[Working data]:
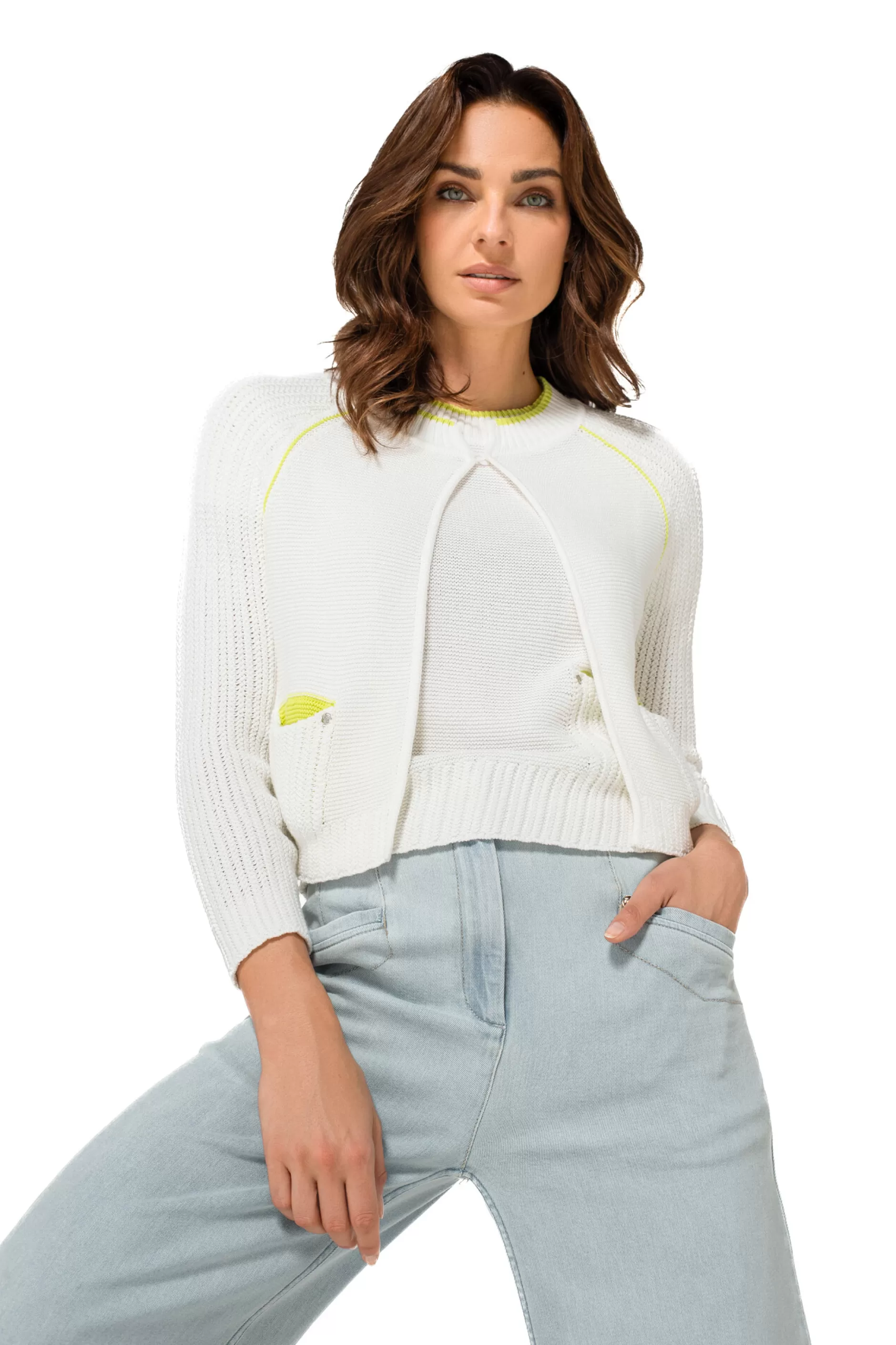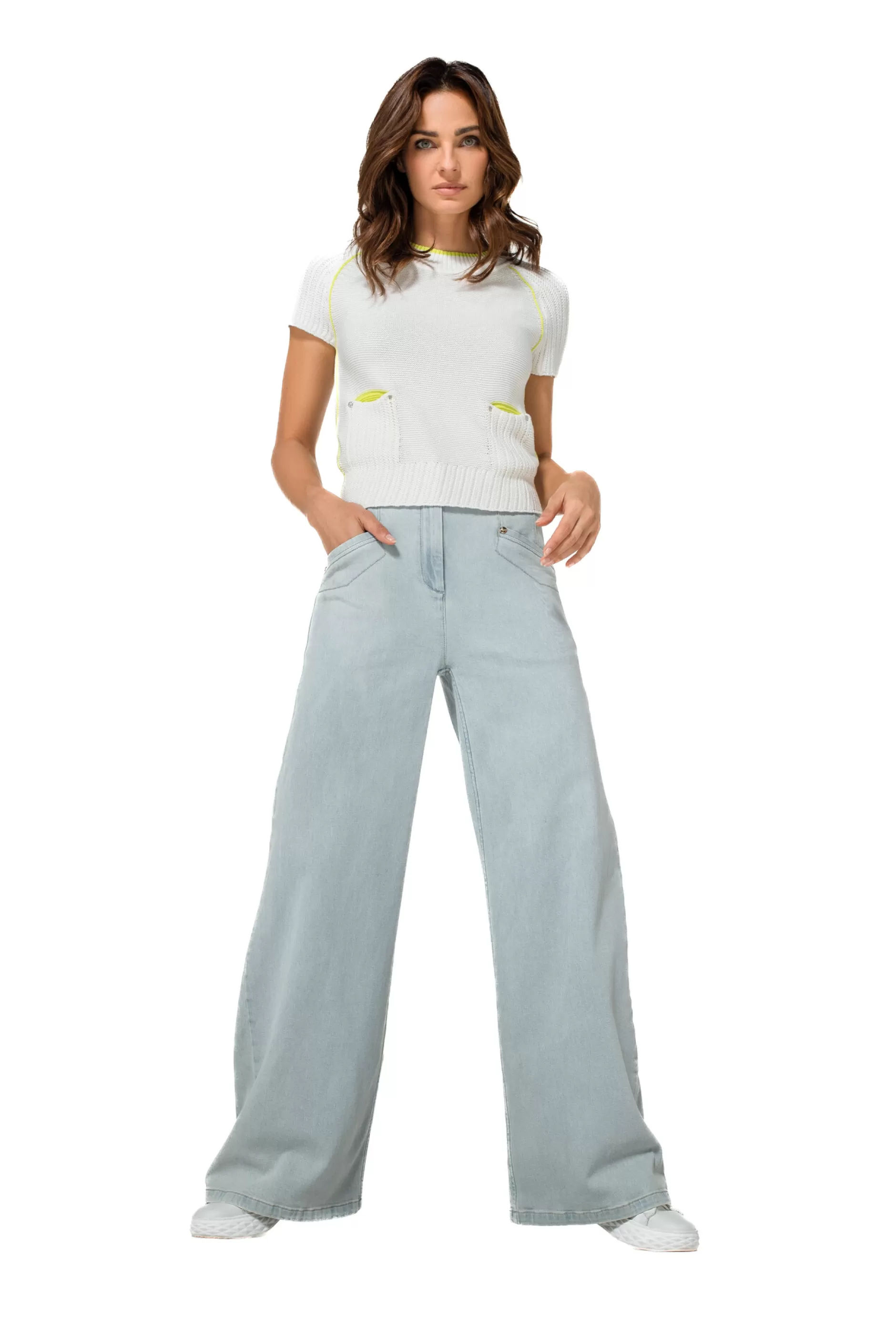 Fijn Gebreide Top 2 Styles &Nbsp;Korte Mouw Steekzakken Voorpand Brede Ronde Hals
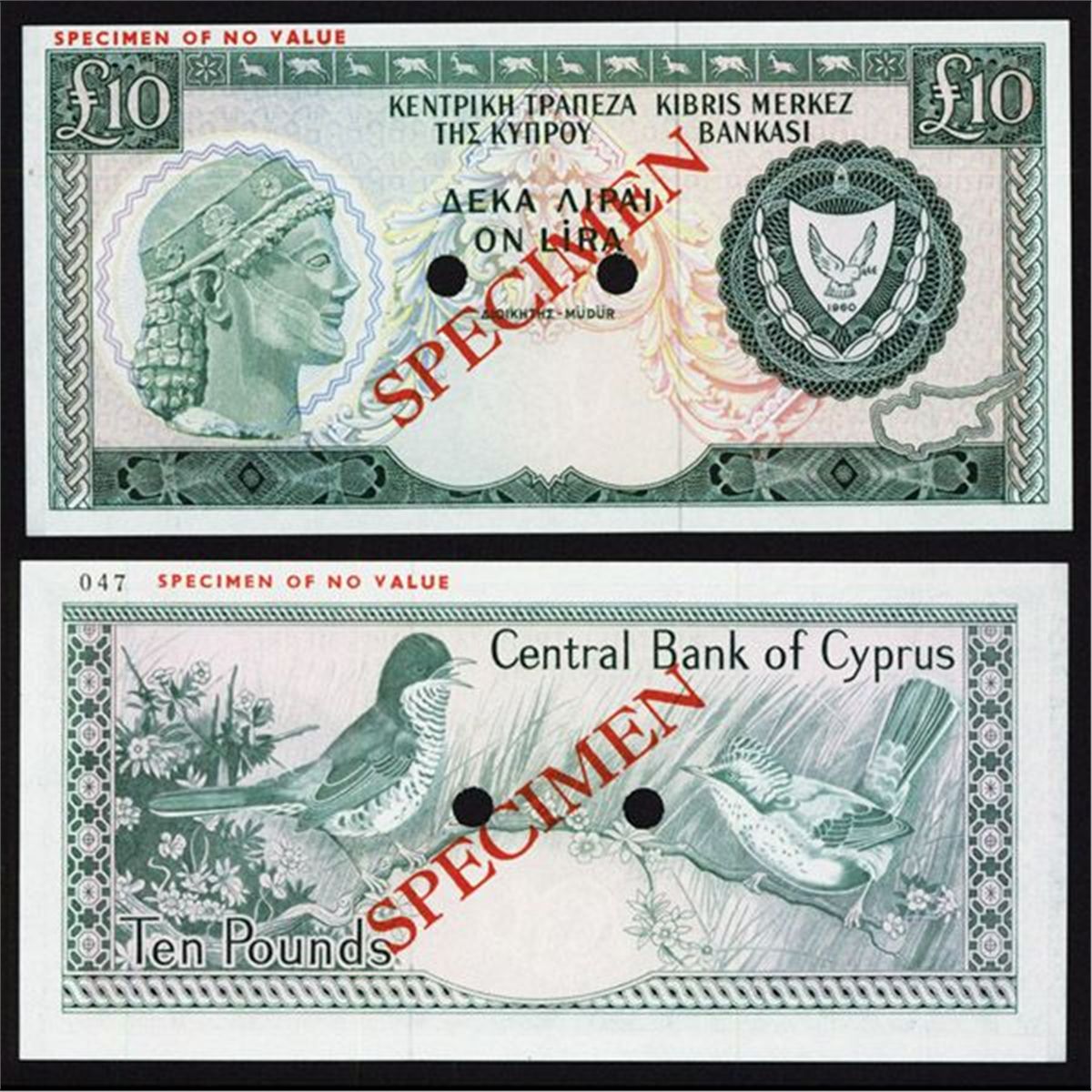 Cyprus, ND (ca.1977), 10 Pounds, P-48s, Specimen, Dark green on m/c but it is listed as Dark green and blue-black on m/c, Arms at right bust at left, back with local Cyprus birds, No date, Serial number or overprints other than SPECIMEN in red, POC's, Top left margin has SPECIMEN OF NO VALUE, Choice to Gem Uncirculated condition with exceptional paper quality. Rare as specimen. BWC, no imprint.
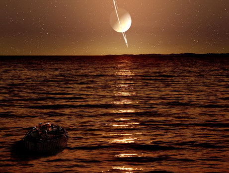 藝術家所繪制的想像圖,NASA與歐洲宇航局共同研發的“惠更斯”號探測器在土星的最大衛星土衛六上的甲烷湖上漂浮著。
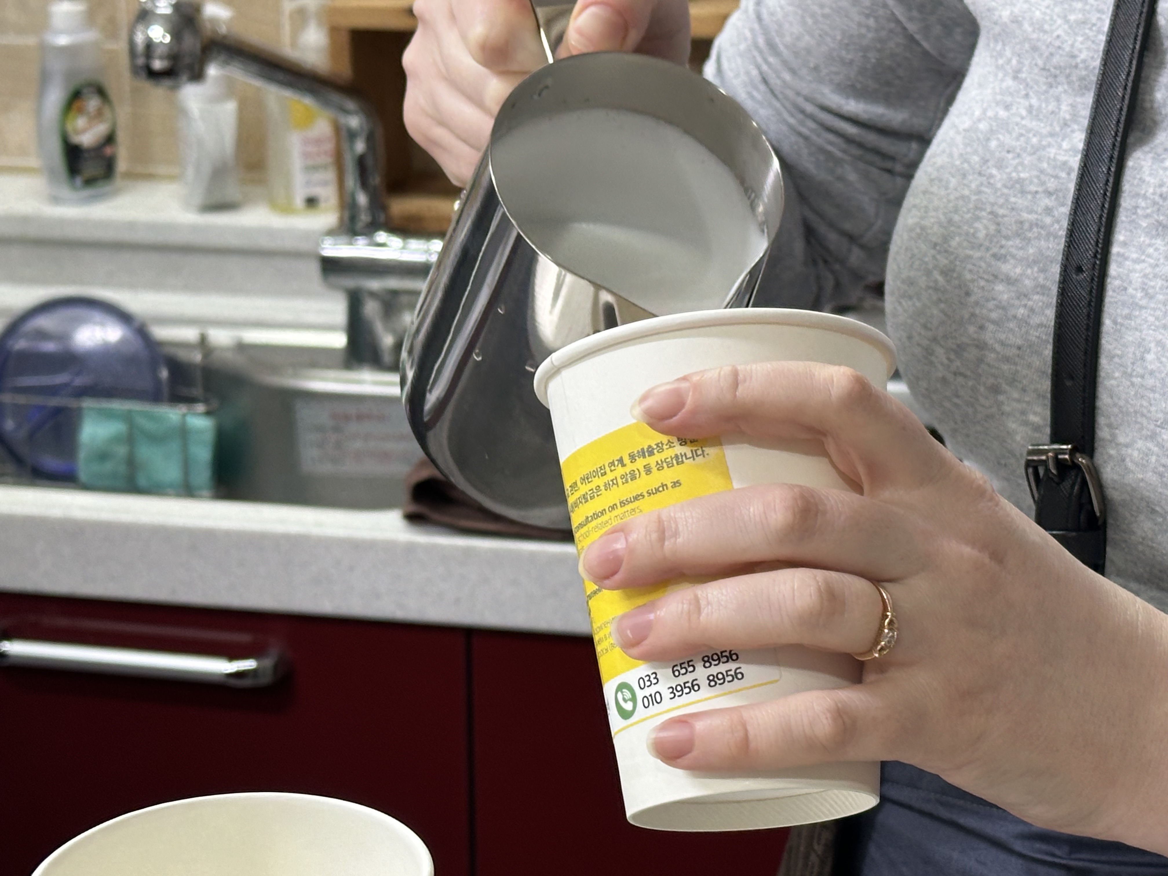 기획할 때 까지만 해도, 날씨가 더워서 아이스라떼를 준비했었습니다. 강사에게 황금비율도 익혀가며 그날 만을 기다려 왔는데요...갑자기 추워진 날씨에 따뜻한 라떼로 바꿔서 대접하기로 했습니다.
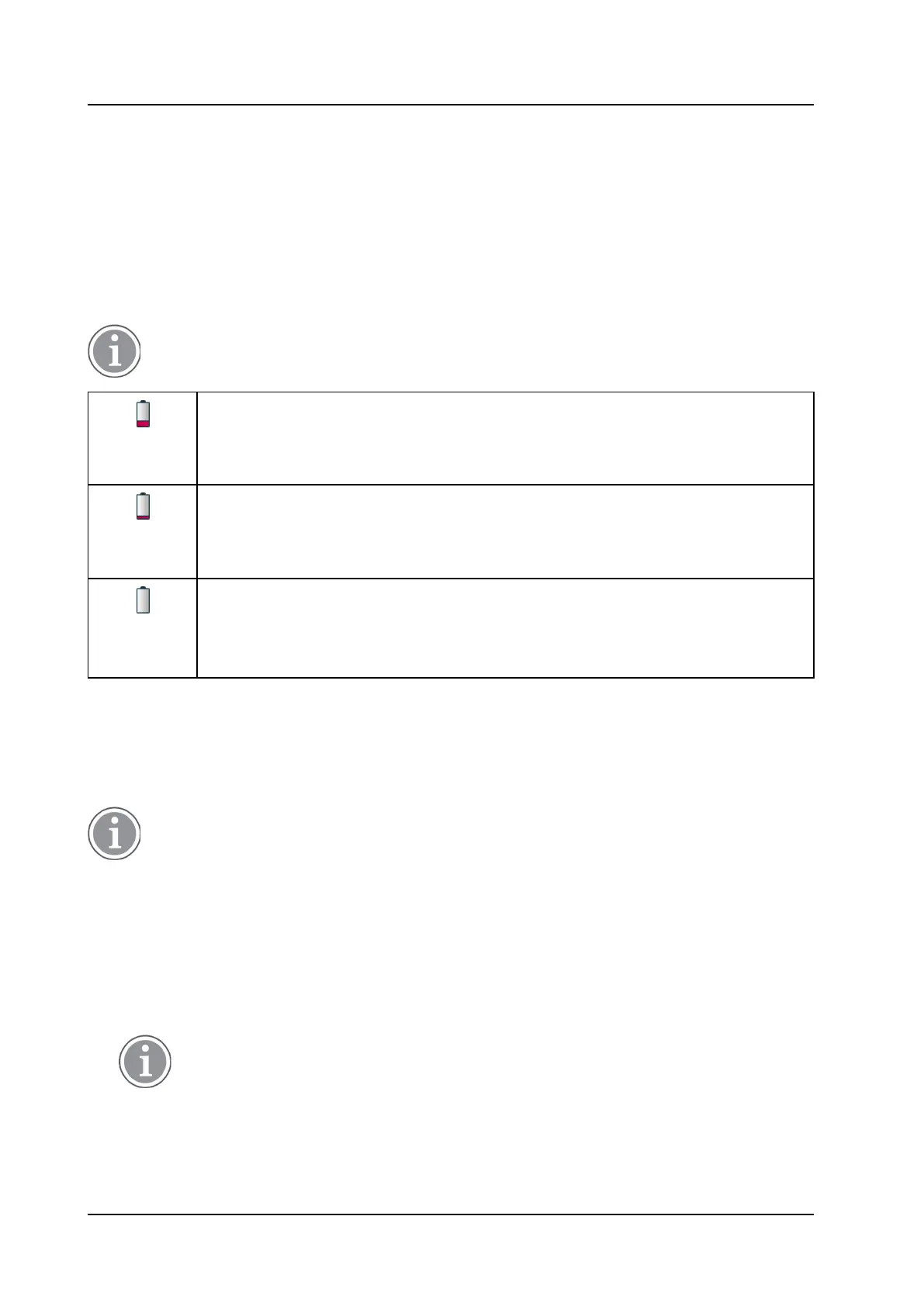 capacity. An empty battery also indicated by a warning signal that sounds every
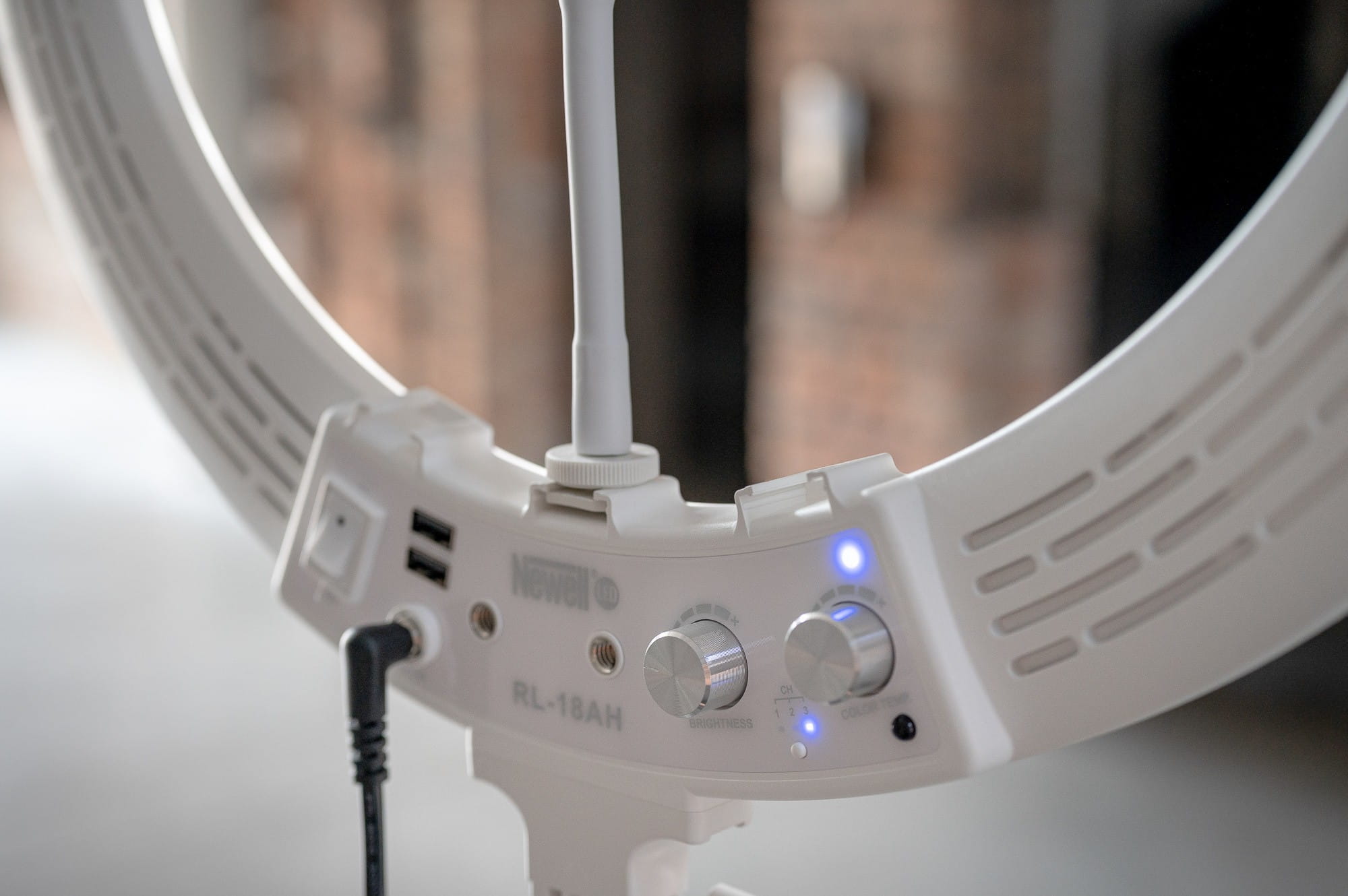 Lampę pierścieniową LED Newell RL-18A wyposażono w dwa porty USB umożliwiające wygodne ładowanie innych urządzeń. Dzięki temu nie musisz martwić się o rozładowany akumulator w aparacie lub świecącą się na czerwono ikonę baterii w smartfonie. W razie potrzeby po prostu sięgnij po odpowiedni przewód i podłącz swój sprzęt filmowy do lampy, nie rozglądając się już na boki za powerbankiem lub dodatkowym przedłużaczem.
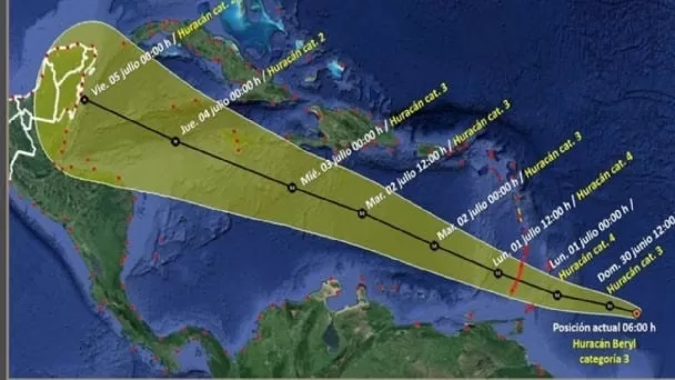 A las 6 am hora de México este domingo 30 de junio, Beryl se encontraba a 675 km al este-sureste de Barbados y a 3,700 km al este-sureste de Cancún, Q. Roo.
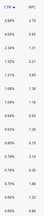 Если серьезно, результат сильно зависит от вашего портфолио. Одно дело клики с доменов с мусоротрафом, другое - по ключам типа "строительство", "одежда", "авто" посмотрел с утра статсы выборочно, первая колонка - CTR, вторая - стоимость в рублях за клик. для примера: Как видите, "вилка" и стоимости кликов, и CTR сильно прыгает в зависимости от качества трафа. Что же касается запаркованных доменов на форму обратной связи, не на рекламу. Вот тут мы вам однозначно сообщаем о росте офферов практически на любом портфолио. Так что вэлком :) |
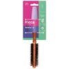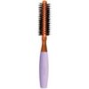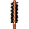 Escova redonda de madeira com base de alumínio e cerdas naturais de javali intercaladas com pinos de nylon. A base de alumínio aquece rapidamente com o calor do secador acelerando o processo de alisamento.
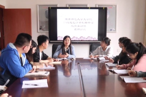 (通讯员 徐洁)为促进实习队员与所在实习学校教师之间的进一步交流,以解决实习队员在教学和班级管理工作中产生的困惑,4月23日下午,我院2018级赴稻田中学实习队于开慧楼五楼教师发展中心开展名师访谈教育活动。此次活动由实习队长侯文静全程组织并主持,稻田中学高中语文教研组组长唐云、高中年级主任蒋晓恒应邀作教育教学分享,全体实习队员参加。
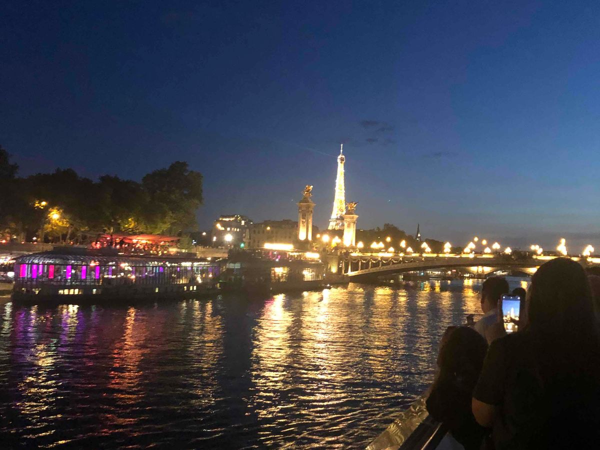 夜景を楽しみたかったので、21:15発にして大正解。セーヌ川沿いを、夕景から夜景まで堪能し、最後はエッフェル塔シャンパンフラッシュもバッチリ見ることができました。お値段は高くなりますが、窓際席にして良かったです。お食事のシャンパンも、グラスではなくボトルでした!ディナーは、たっぷりな量ですので、ぜひお腹を空かせて行ってください。日本人は私たちだけでしたが、とても親切に対応してくださいました。
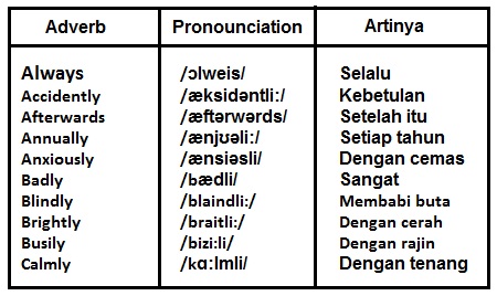 Kata keterangan atau kata tambahan adverbs berfungsi. Kata keterangan diperlukan untuk membuat sebuah kalimat bahasa inggriskata ini dapat berupa penjelasan mengenai suatu benda perasaan seseorang letak benda waktu serta tempat. Seperti yang mungkin anda duga kata keterangan dalam bahasa inggris banyak jumlahnya. Untuk menerangkan kata sifat adjectives this soup is too hot to eat. Kata keterangan dalam bahasa inggris terbagi menjadi beberapa jenis berikut penjelasan lengkapnya. Adverb of manner adlaah kata keterangan yang memberikan penjelasan mengenai bagaimana atau cara apa yag digunakan untuk melakukan suatu kegiatan.
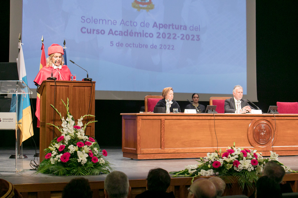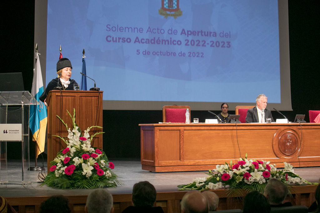 La Universidad de la Laguna ha celebrado hoy, miércoles 6 de octubre, el acto oficial de apertura de curso 2022/23, ceremonia que hubo de posponerse tras la reciente alerta meteorológica. El acto solemne que ha tenido lugar en el Paraninfo ha servido de escenario para que la rectora, Rosa Aguilar, mostrara su incertidumbre ante el presupuesto de 2023 para las universidades canarias, aduciendo la “situación insostenible” en la que se encuentran los centros académicos.

[Exercise prompt]:
Leaving the pictures out, output the material exactly as it appears.

[Answer area]:
 Fijn Gebreide Top 2 Styles &Nbsp;Korte Mouw Steekzakken Voorpand Brede Ronde Hals
 Cyprus, ND (ca.1977), 10 Pounds, P-48s, Specimen, Dark green on m/c but it is listed as Dark green and blue-black on m/c, Arms at right bust at left, back with local Cyprus birds, No date, Serial number or overprints other than SPECIMEN in red, POC's, Top left margin has SPECIMEN OF NO VALUE, Choice to Gem Uncirculated condition with exceptional paper quality. Rare as specimen. BWC, no imprint.
 藝術家所繪制的想像圖,NASA與歐洲宇航局共同研發的“惠更斯”號探測器在土星的最大衛星土衛六上的甲烷湖上漂浮著。
 기획할 때 까지만 해도, 날씨가 더워서 아이스라떼를 준비했었습니다. 강사에게 황금비율도 익혀가며 그날 만을 기다려 왔는데요...갑자기 추워진 날씨에 따뜻한 라떼로 바꿔서 대접하기로 했습니다.
 capacity. An empty battery also indicated by a warning signal that sounds every
 Lampę pierścieniową LED Newell RL-18A wyposażono w dwa porty USB umożliwiające wygodne ładowanie innych urządzeń. Dzięki temu nie musisz martwić się o rozładowany akumulator w aparacie lub świecącą się na czerwono ikonę baterii w smartfonie. W razie potrzeby po prostu sięgnij po odpowiedni przewód i podłącz swój sprzęt filmowy do lampy, nie rozglądając się już na boki za powerbankiem lub dodatkowym przedłużaczem.
 A las 6 am hora de México este domingo 30 de junio, Beryl se encontraba a 675 km al este-sureste de Barbados y a 3,700 km al este-sureste de Cancún, Q. Roo.
 Если серьезно, результат сильно зависит от вашего портфолио. Одно дело клики с доменов с мусоротрафом, другое - по ключам типа "строительство", "одежда", "авто" посмотрел с утра статсы выборочно, первая колонка - CTR, вторая - стоимость в рублях за клик. для примера: Как видите, "вилка" и стоимости кликов, и CTR сильно прыгает в зависимости от качества трафа. Что же касается запаркованных доменов на форму обратной связи, не на рекламу. Вот тут мы вам однозначно сообщаем о росте офферов практически на любом портфолио. Так что вэлком :) |
 Escova redonda de madeira com base de alumínio e cerdas naturais de javali intercaladas com pinos de nylon. A base de alumínio aquece rapidamente com o calor do secador acelerando o processo de alisamento.
 (通讯员 徐洁)为促进实习队员与所在实习学校教师之间的进一步交流,以解决实习队员在教学和班级管理工作中产生的困惑,4月23日下午,我院2018级赴稻田中学实习队于开慧楼五楼教师发展中心开展名师访谈教育活动。此次活动由实习队长侯文静全程组织并主持,稻田中学高中语文教研组组长唐云、高中年级主任蒋晓恒应邀作教育教学分享,全体实习队员参加。
 夜景を楽しみたかったので、21:15発にして大正解。セーヌ川沿いを、夕景から夜景まで堪能し、最後はエッフェル塔シャンパンフラッシュもバッチリ見ることができました。お値段は高くなりますが、窓際席にして良かったです。お食事のシャンパンも、グラスではなくボトルでした!ディナーは、たっぷりな量ですので、ぜひお腹を空かせて行ってください。日本人は私たちだけでしたが、とても親切に対応してくださいました。
 Kata keterangan atau kata tambahan adverbs berfungsi. Kata keterangan diperlukan untuk membuat sebuah kalimat bahasa inggriskata ini dapat berupa penjelasan mengenai suatu benda perasaan seseorang letak benda waktu serta tempat. Seperti yang mungkin anda duga kata keterangan dalam bahasa inggris banyak jumlahnya. Untuk menerangkan kata sifat adjectives this soup is too hot to eat. Kata keterangan dalam bahasa inggris terbagi menjadi beberapa jenis berikut penjelasan lengkapnya. Adverb of manner adlaah kata keterangan yang memberikan penjelasan mengenai bagaimana atau cara apa yag digunakan untuk melakukan suatu kegiatan.
 La Universidad de la Laguna ha celebrado hoy, miércoles 6 de octubre, el acto oficial de apertura de curso 2022/23, ceremonia que hubo de posponerse tras la reciente alerta meteorológica. El acto solemne que ha tenido lugar en el Paraninfo ha servido de escenario para que la rectora, Rosa Aguilar, mostrara su incertidumbre ante el presupuesto de 2023 para las universidades canarias, aduciendo la “situación insostenible” en la que se encuentran los centros académicos.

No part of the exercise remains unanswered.